** Given data follows **

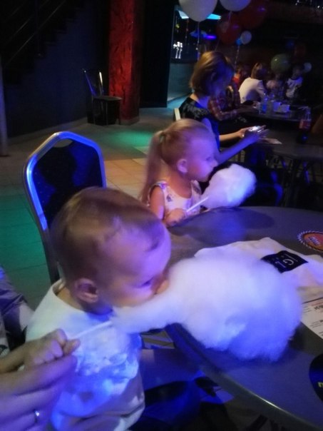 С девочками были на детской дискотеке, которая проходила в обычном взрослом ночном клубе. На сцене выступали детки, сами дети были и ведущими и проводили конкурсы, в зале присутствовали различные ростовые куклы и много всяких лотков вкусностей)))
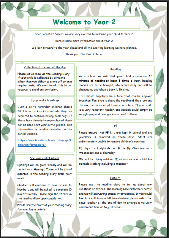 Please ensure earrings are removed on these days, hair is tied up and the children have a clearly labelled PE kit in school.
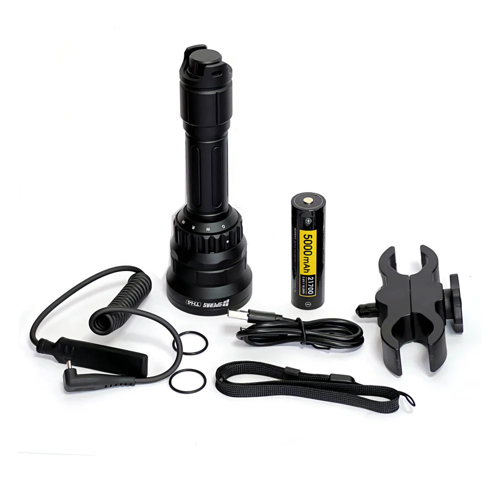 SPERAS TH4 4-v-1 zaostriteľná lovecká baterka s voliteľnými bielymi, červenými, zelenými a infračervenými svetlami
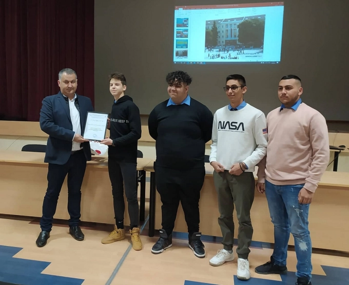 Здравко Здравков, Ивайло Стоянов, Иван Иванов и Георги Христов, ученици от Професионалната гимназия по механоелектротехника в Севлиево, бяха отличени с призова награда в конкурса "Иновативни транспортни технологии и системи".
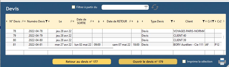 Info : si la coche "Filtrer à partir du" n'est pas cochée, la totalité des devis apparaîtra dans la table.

** End of Given data **
** Given data follows **

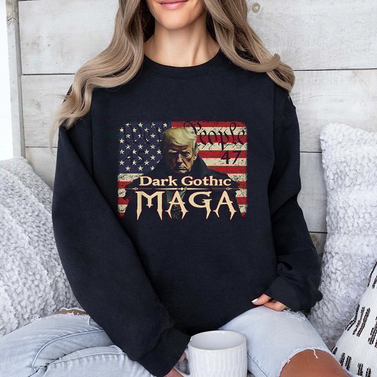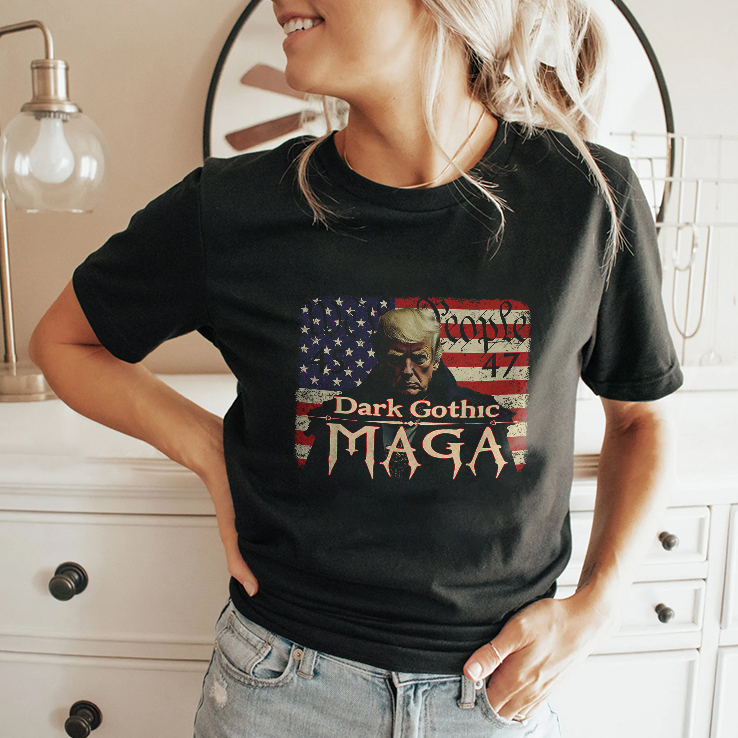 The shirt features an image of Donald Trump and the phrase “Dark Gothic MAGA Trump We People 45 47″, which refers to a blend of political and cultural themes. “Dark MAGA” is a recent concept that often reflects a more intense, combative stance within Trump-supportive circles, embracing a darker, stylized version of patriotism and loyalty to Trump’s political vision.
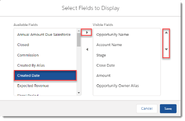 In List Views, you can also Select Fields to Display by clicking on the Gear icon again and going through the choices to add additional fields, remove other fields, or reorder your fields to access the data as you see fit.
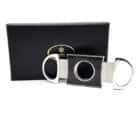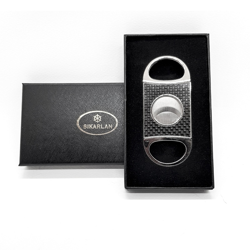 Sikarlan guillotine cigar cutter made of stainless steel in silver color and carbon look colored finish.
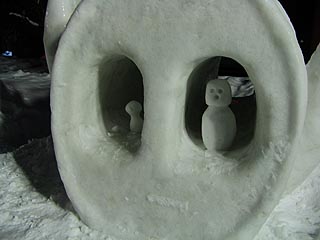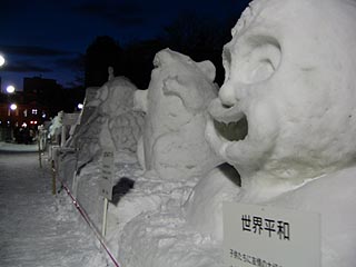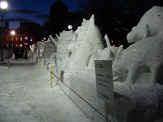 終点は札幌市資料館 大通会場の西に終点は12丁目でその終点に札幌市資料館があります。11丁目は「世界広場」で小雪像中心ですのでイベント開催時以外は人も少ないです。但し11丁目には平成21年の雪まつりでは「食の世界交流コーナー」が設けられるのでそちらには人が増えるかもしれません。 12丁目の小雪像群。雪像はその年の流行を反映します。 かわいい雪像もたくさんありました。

** End of Given data **

• **Action item**
Starting with the line that has "С девочками были" and ending with the line that has "Info : si la", repeat the lines above exactly, omitting every picture.

• **Answer section**
 С девочками были на детской дискотеке, которая проходила в обычном взрослом ночном клубе. На сцене выступали детки, сами дети были и ведущими и проводили конкурсы, в зале присутствовали различные ростовые куклы и много всяких лотков вкусностей)))
 Please ensure earrings are removed on these days, hair is tied up and the children have a clearly labelled PE kit in school.
 SPERAS TH4 4-v-1 zaostriteľná lovecká baterka s voliteľnými bielymi, červenými, zelenými a infračervenými svetlami
 Здравко Здравков, Ивайло Стоянов, Иван Иванов и Георги Христов, ученици от Професионалната гимназия по механоелектротехника в Севлиево, бяха отличени с призова награда в конкурса "Иновативни транспортни технологии и системи".
 Info : si la coche "Filtrer à partir du" n'est pas cochée, la totalité des devis apparaîtra dans la table.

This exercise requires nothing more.